►
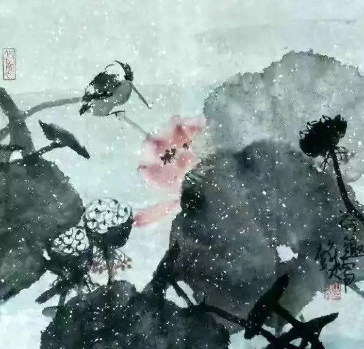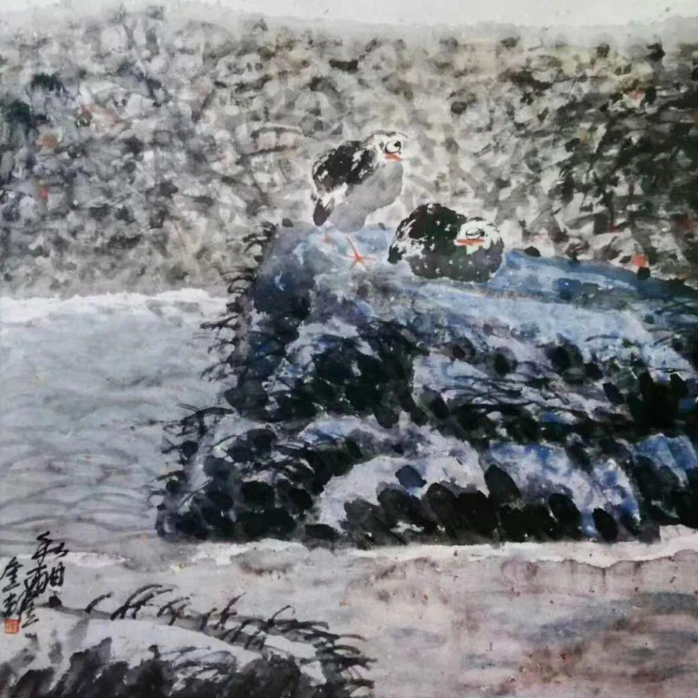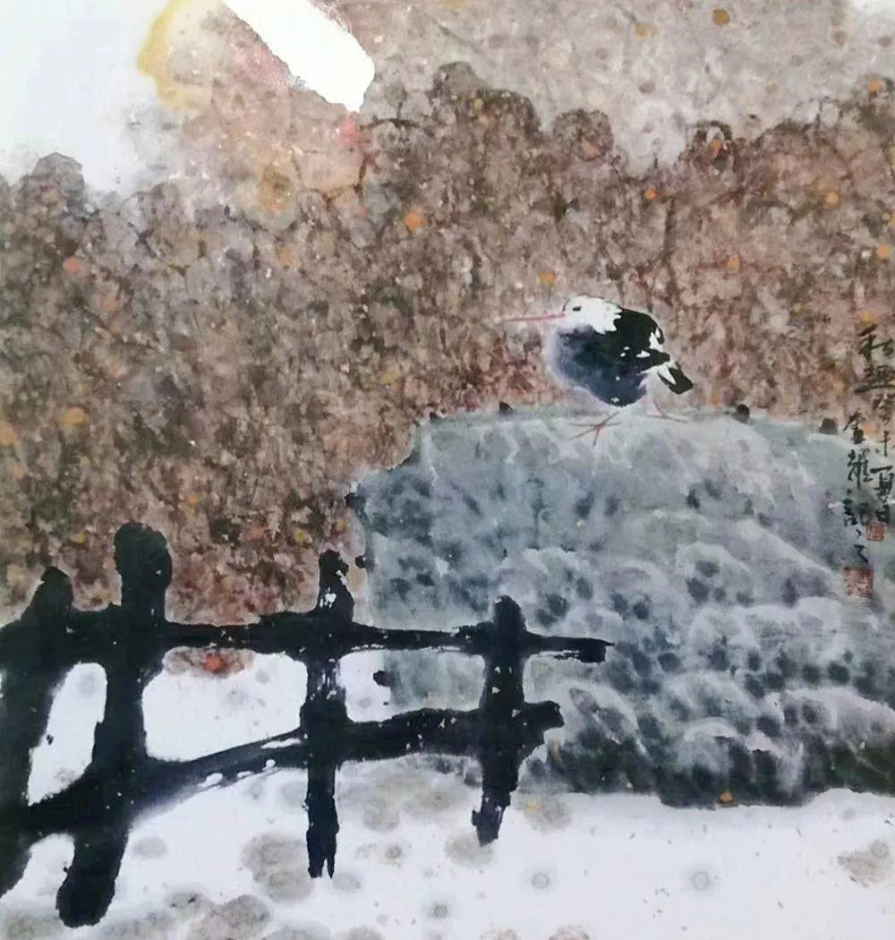 以花鸟画的样式去表现苍茫的境界感觉,是有其难度的,它需要某种突破与超越,用以扩大视野,拓宽内涵与外延,以表现由中国艺术传统而延伸出的生命诗情。我们看到,画家在作品营造的苍茫境界,是凭借了“荒寒”的完美因素的,在审美中的“荒寒”实际上是一种文化品位,虽然也是一种生命情调;比较而言,它显然比明媚妖妍的斑斓、缤纷之感要深刻得多,更具探入生命深层的动人力量。
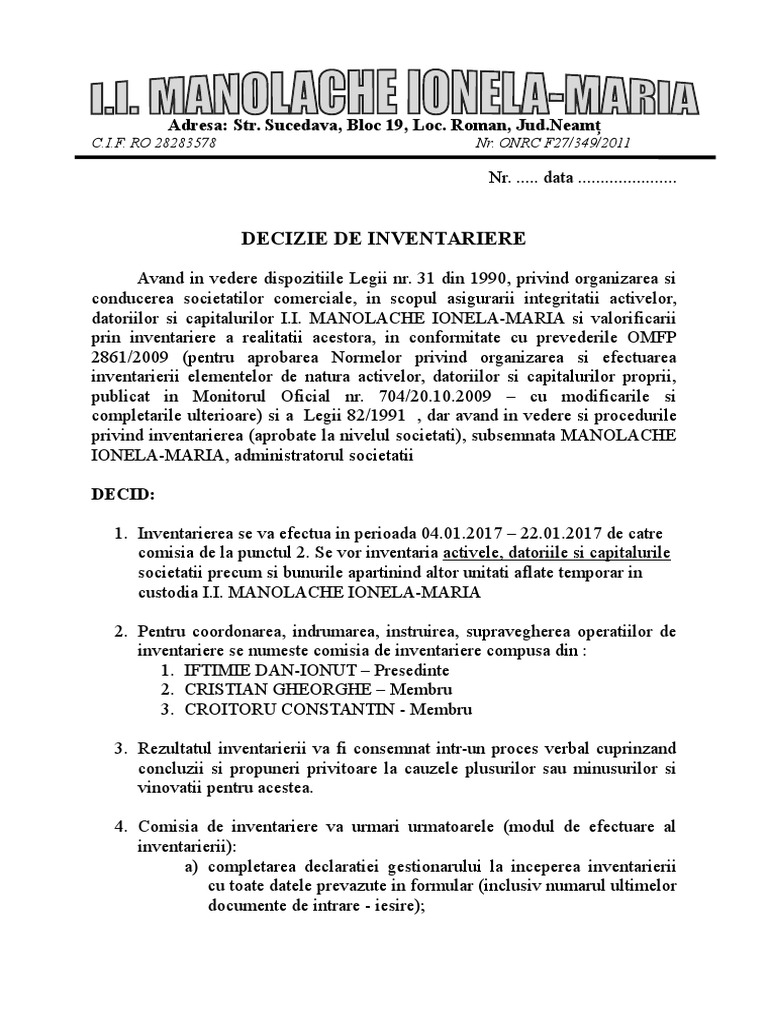 Doc Decizie Inventariere Raluca Maria Academia Edu
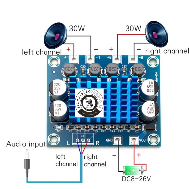 30W+30W 2.0 CHANNEL DIGITAL STEREO AUDIO POWER AMPLIFIER BOARD DC 8-26V 3A
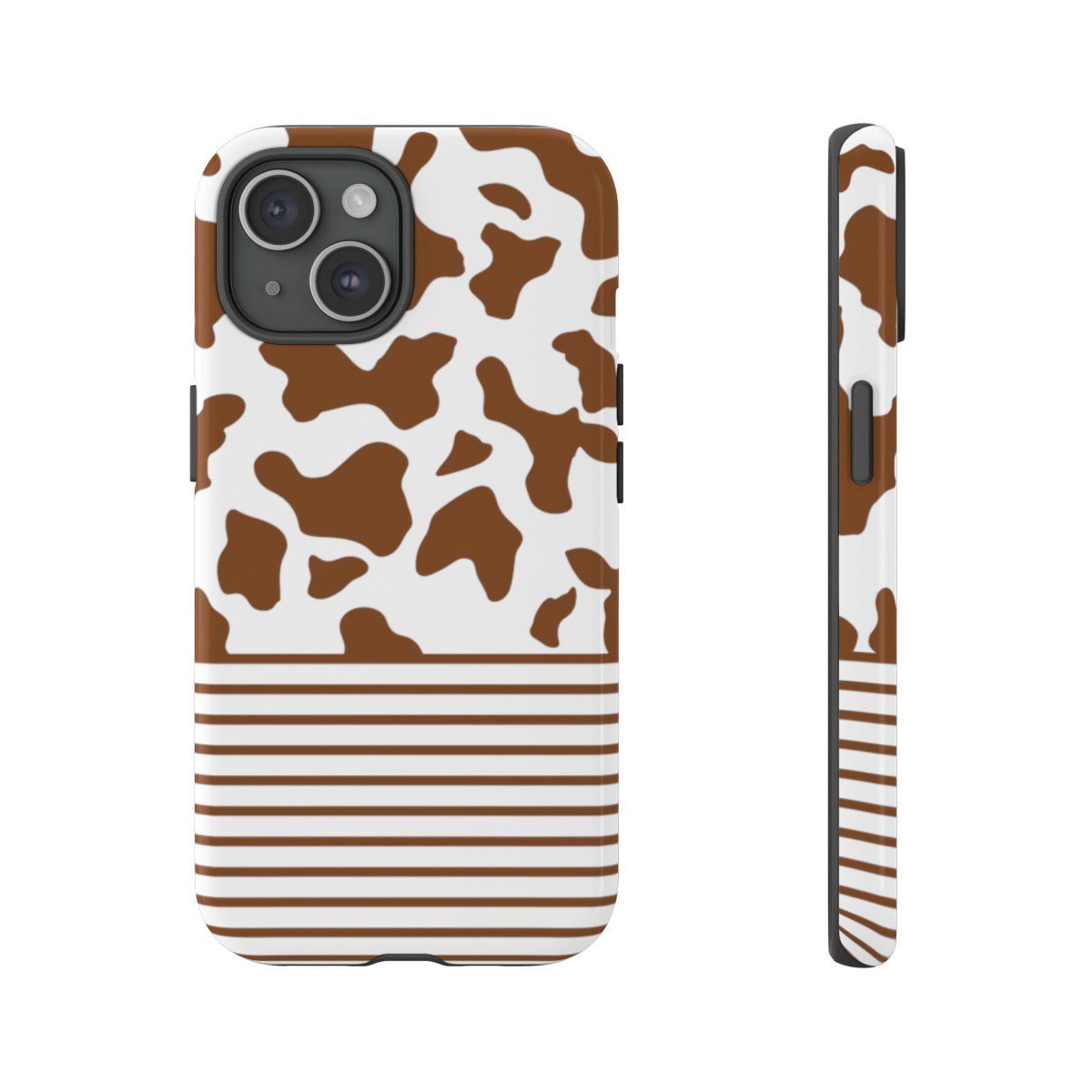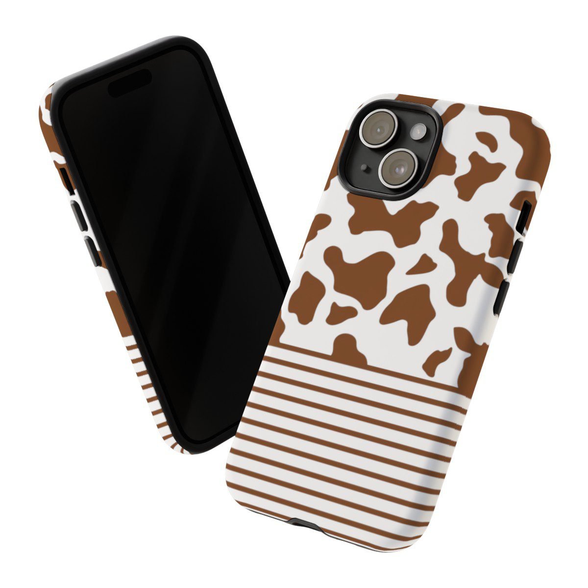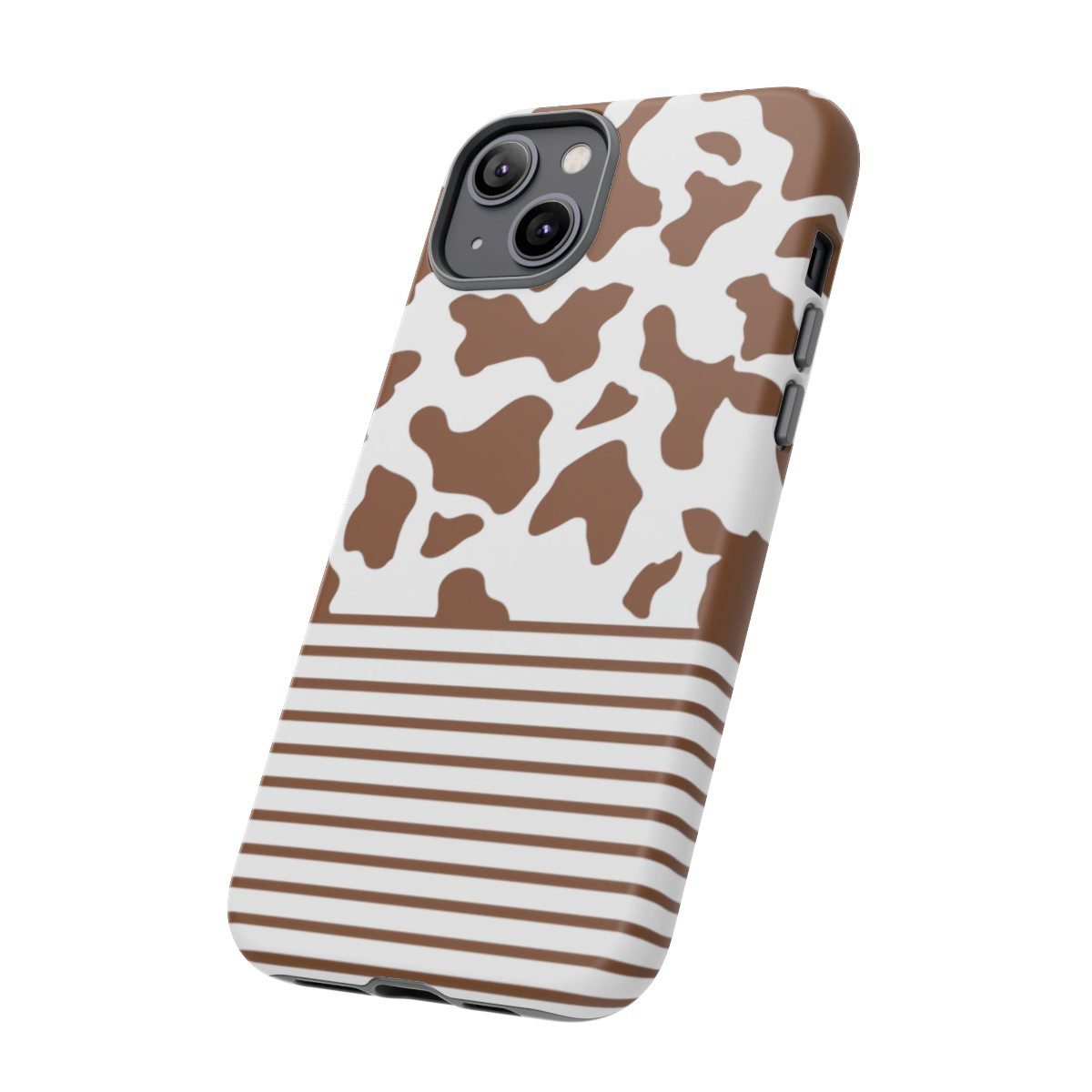 Brown and White Cow Spots and Stripes – iPhone 14 15 – Cell Phone – Tough Cases.
◄
What you need to do: Only the lines from the line with "Doc Decizie Inventariere" to the bottom of the material above should be reproduced, exactly and without pictures.

Problem solution:
 Doc Decizie Inventariere Raluca Maria Academia Edu
 30W+30W 2.0 CHANNEL DIGITAL STEREO AUDIO POWER AMPLIFIER BOARD DC 8-26V 3A
 Brown and White Cow Spots and Stripes – iPhone 14 15 – Cell Phone – Tough Cases.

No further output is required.